> [Requirement] Each line below must be reproduced exactly, though the pictures are to be dropped.

> [Data provided]
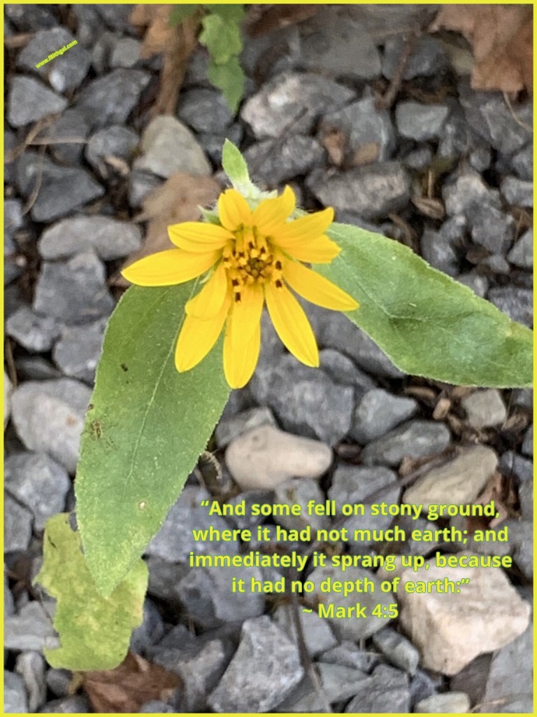 “And some fell on stony ground, where it had not much earth; and immediately it sprang up, because it had no depth of earth:” ~ Mark 4:5
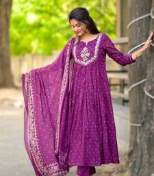 Magenta elegant embroidered cotton suit with printed dupatta stitched
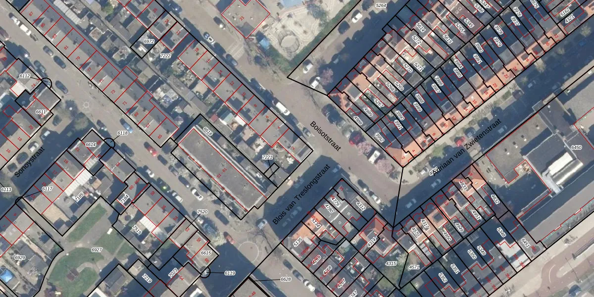 Het perceel waarop Boisotstraat 2 staat heeft een oppervlakte van 2728 m². Dit is een zeer groot perceel. De perceeloppervlakte wordt geregistreerd door het Kadaster. Gedetailleerde informatie over de maten van dit perceel kunt u vinden in het rapport Kadastrale kaart met maatvoering van Boisotstraat 2.
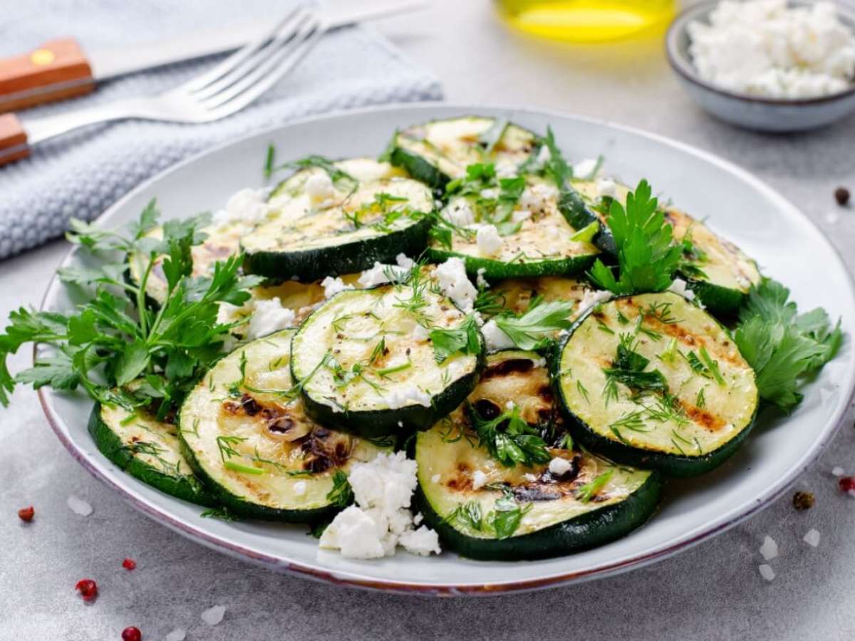 Em um recipiente, coloque as abobrinhas e tempere com sal, pimenta-do-reino e azeite de oliva. Leve uma frigideira antiaderente ao fogo médio para aquecer. Disponha as rodelas de abobrinha na frigideira e grelhe-as por 3 minutos de cada lado. Desligue o fogo, transfira as rodelas de abobrinha para um prato e salpique com o queijo feta. Finalize com a salsinha e o endro. Sirva em seguida.

> [Exercise response]
 “And some fell on stony ground, where it had not much earth; and immediately it sprang up, because it had no depth of earth:” ~ Mark 4:5
 Magenta elegant embroidered cotton suit with printed dupatta stitched
 Het perceel waarop Boisotstraat 2 staat heeft een oppervlakte van 2728 m². Dit is een zeer groot perceel. De perceeloppervlakte wordt geregistreerd door het Kadaster. Gedetailleerde informatie over de maten van dit perceel kunt u vinden in het rapport Kadastrale kaart met maatvoering van Boisotstraat 2.
 Em um recipiente, coloque as abobrinhas e tempere com sal, pimenta-do-reino e azeite de oliva. Leve uma frigideira antiaderente ao fogo médio para aquecer. Disponha as rodelas de abobrinha na frigideira e grelhe-as por 3 minutos de cada lado. Desligue o fogo, transfira as rodelas de abobrinha para um prato e salpique com o queijo feta. Finalize com a salsinha e o endro. Sirva em seguida.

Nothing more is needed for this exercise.